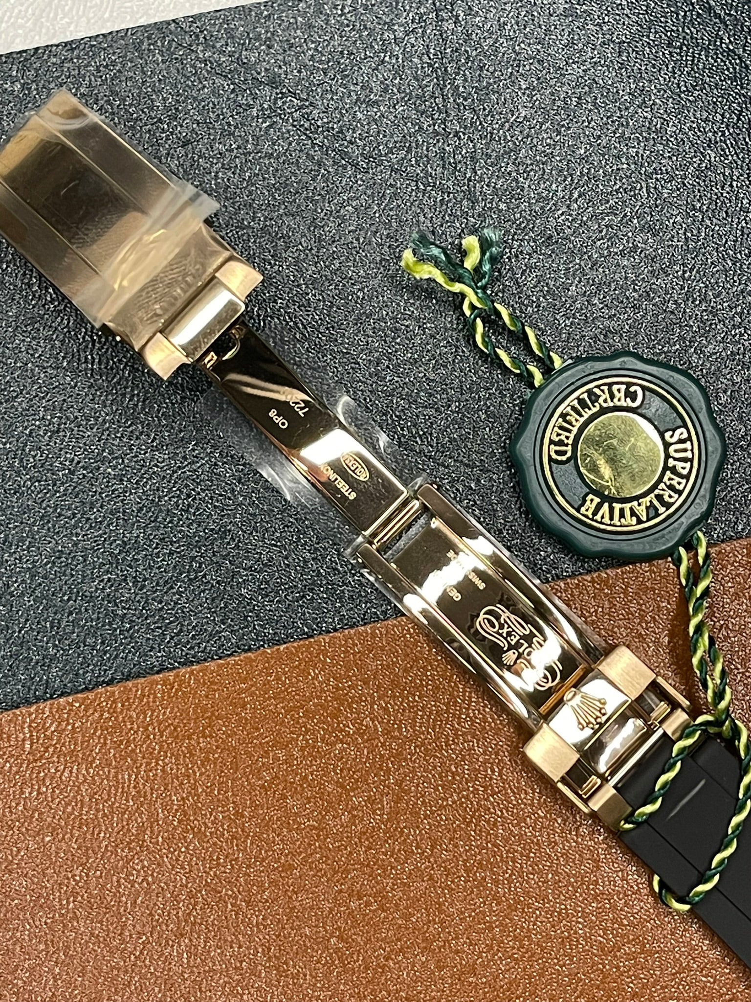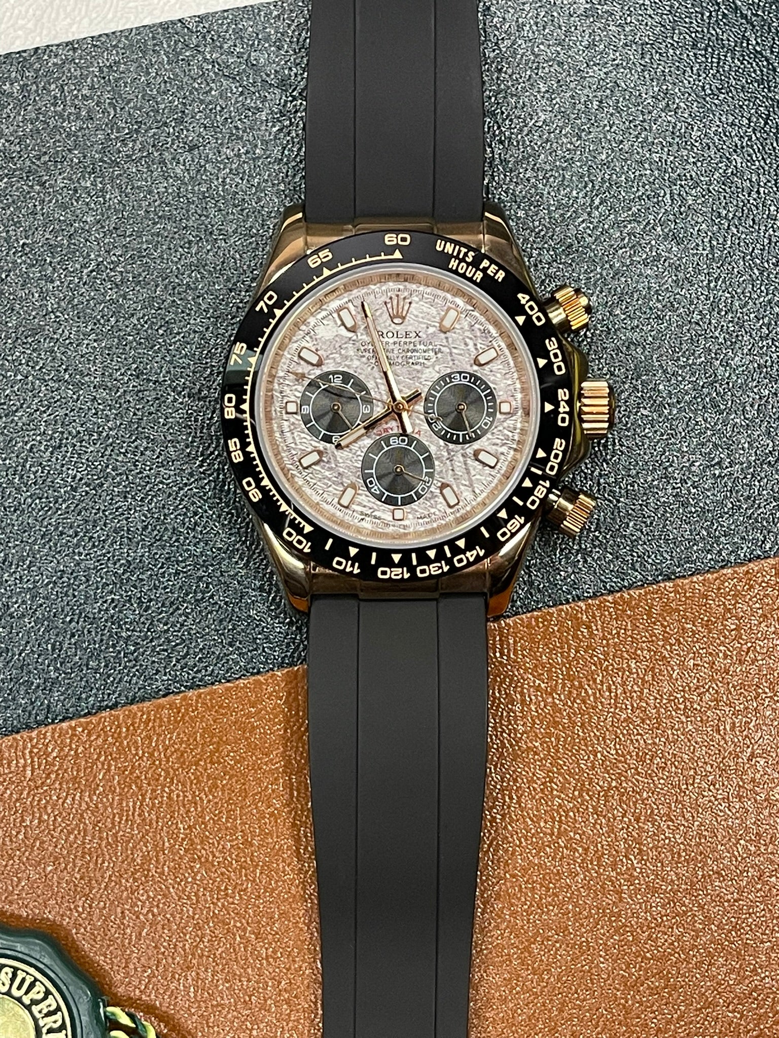 Bold, sporty, and unmistakably luxurious — this Cosmograph Daytona inspired watch features a rich rose gold finish paired with a sleek black Oysterflex-style rubber bracelet. Designed for performance and prestige, this timepiece blends motorsport heritage with modern elegance.
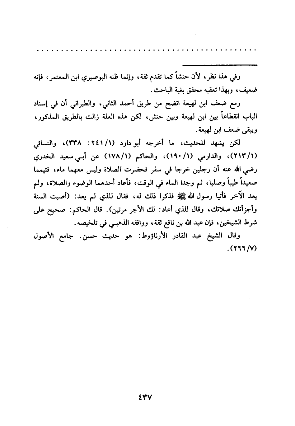 لكن يشهد للحديث، ما أخرجه أبو داود (1/ 241: 338)، والنسائي (1/ 213)، والدارمي (1/ 190)، والحاكم (1/ 178) عَنْ أَبِي سَعِيدٍ الْخُدْرِيِّ رَضِيَ اللَّهُ عَنْهُ أن رجلين خرجا في سفر فحضرت الصلاة وليس معهما ماء، فتيمما صعيدًا طيبًا وصليا، ثم وجدا الماء في الوقت، فأعاد أحدهما الوضوء والصلاة، ولم يعد الآخر فأتيا رسول الله - صلى الله عليه وسلم - فذكرا ذلك له، فقال للذي لم يعد: (أصبت السنة وأجزأتك صلاتك، وقال للذي أعاد: لك الأجر مرتين). قال الحاكم: صحيح على شرط الشيخين، فإن عبد الله بن نافع ثقة، ووافقه الذهبي في تلخيصه.
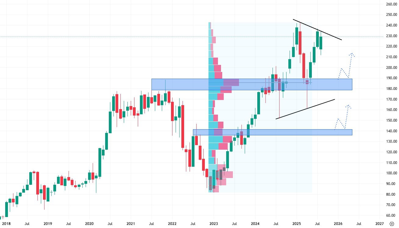 Nevýhodou těchto akcií je již jednou otestovaný nejbližší support, což může být problém pro případný cenový pokles. Pád akcií pod hodnotu 180 USD, by mohl značit down trend.
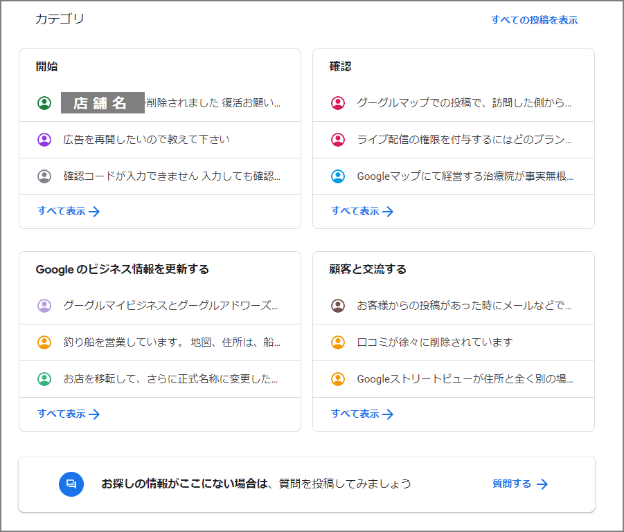 また、双方向で質問ができるため、補足質問や補足説明をすることができます。また、ある条件で生じている問題について、「他の条件ではどうか」など、質問が広がる可能性のある場合にも便利に使えます。 質問と回答のこうした柔軟性がGoogleマイビジネス(※)のヘルプセンターやサポートにはない特徴です。 さらに、過去の質問は、この画像のように記録されているので、質問の当事者だけでなく、幅広いユーザーが閲覧して活用することができます。質問の前にチェックをしておくと、重複の質問を避け、参加者が新しい問題に集中して解決できるようになります。 参加すると有益な結果が得られる公式コミュニティで質問するには、コミュニティへ参加することが前提となります。
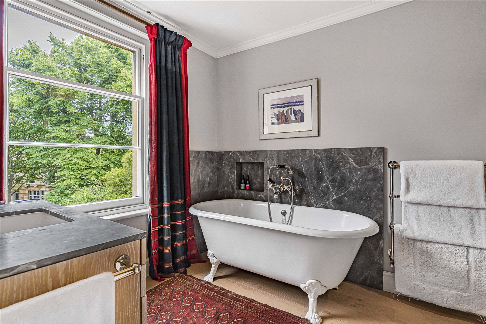 On the second floor, the master bedroom benefits from a large dressing room and bathroom with Lefroy Brooks ceramics including rolltop standalone bath and separate shower. There are two further bedrooms on the third floor both featuring original Georgian shutters and are serviced by a family bathroom and study with ample built-in storage.
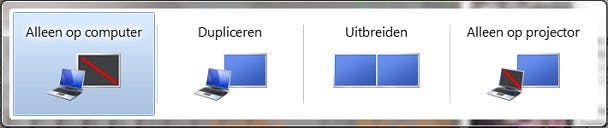 Houd de Windows-toets ingedrukt en druk op P. 1x P is het scherm zelf, 2x is dupliceren, 3x is uitbreiden en 4x is alleen op de beamer. Laat je de toetsen los, dan wordt de opdracht verwerkt. Je ziet onderstaand menu:
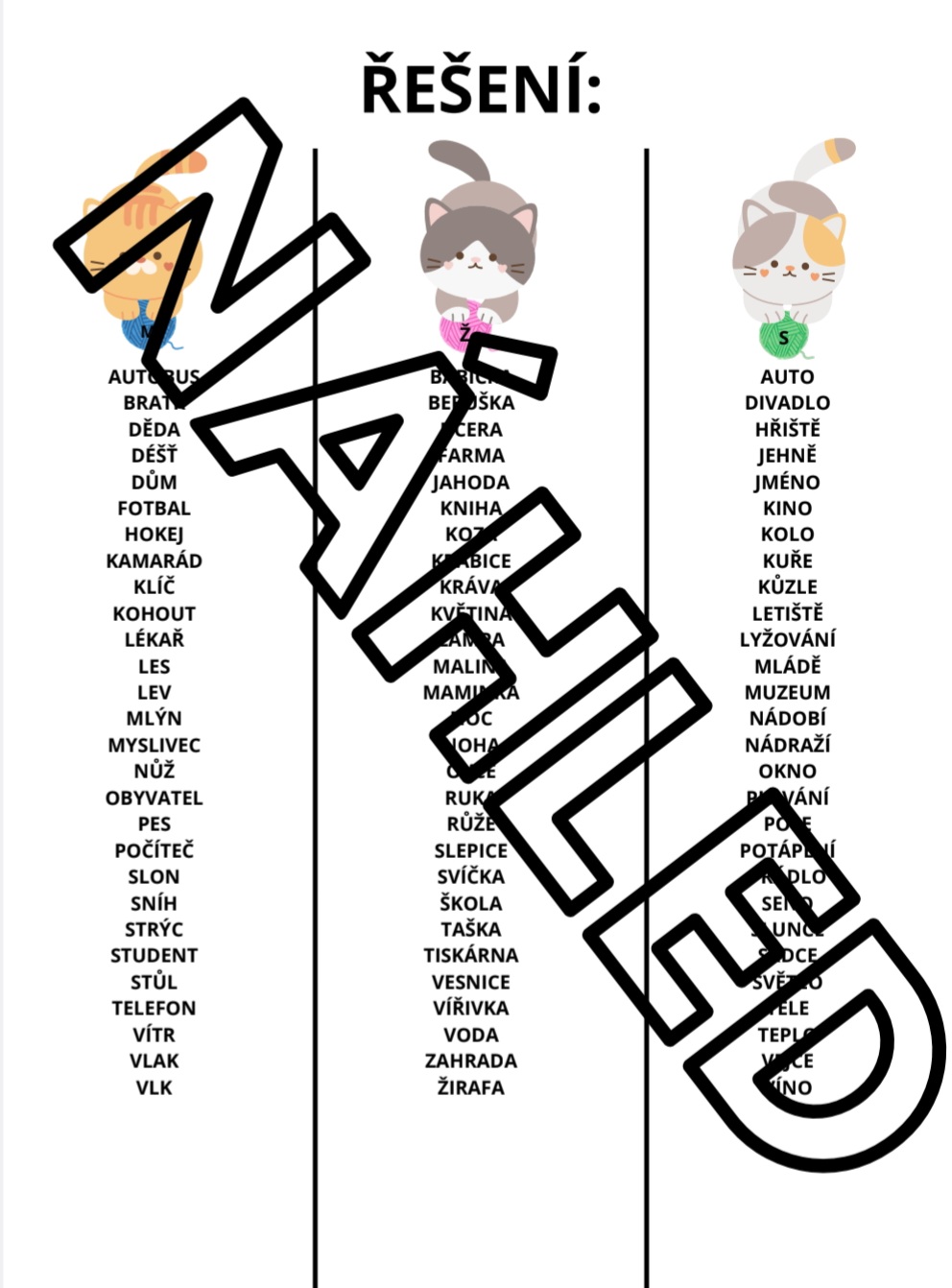 - Druhé kočičce patří slova ženského rodu (Ž)
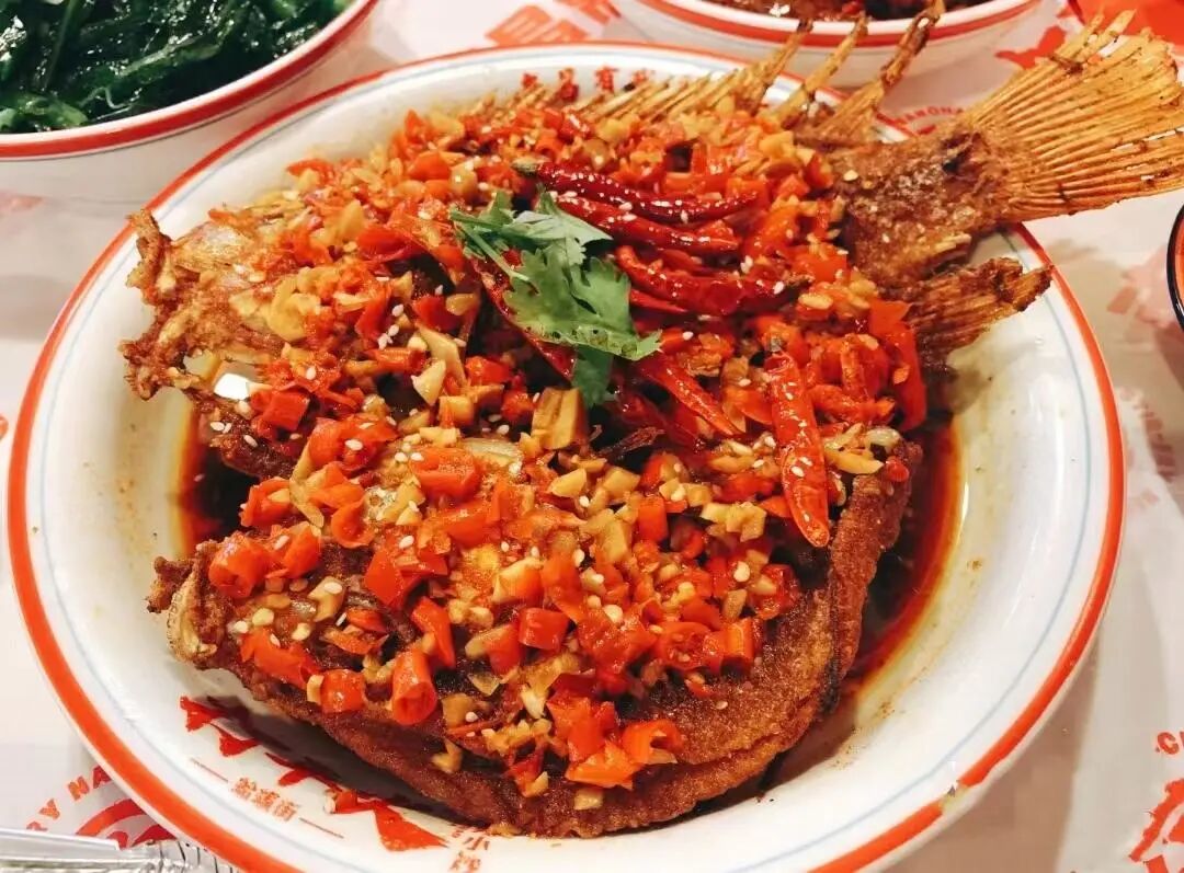 这是江西南昌特色菜品,别的地方没有这道菜,这道菜其实是将鲜活的鱼清洗干净后,放入锅中进行油炸,然后在将蒜头,朝天椒,辣椒干等各种食材调味后盖在鱼身上。

•••••

[How to complete this task]: Starting with the line that contains "On the second", repeat each line exactly through the last line of the data above, and nothing more; the pictures stay out.

[Task answer]:
 On the second floor, the master bedroom benefits from a large dressing room and bathroom with Lefroy Brooks ceramics including rolltop standalone bath and separate shower. There are two further bedrooms on the third floor both featuring original Georgian shutters and are serviced by a family bathroom and study with ample built-in storage.
 Houd de Windows-toets ingedrukt en druk op P. 1x P is het scherm zelf, 2x is dupliceren, 3x is uitbreiden en 4x is alleen op de beamer. Laat je de toetsen los, dan wordt de opdracht verwerkt. Je ziet onderstaand menu:
 - Druhé kočičce patří slova ženského rodu (Ž)
 这是江西南昌特色菜品,别的地方没有这道菜,这道菜其实是将鲜活的鱼清洗干净后,放入锅中进行油炸,然后在将蒜头,朝天椒,辣椒干等各种食材调味后盖在鱼身上。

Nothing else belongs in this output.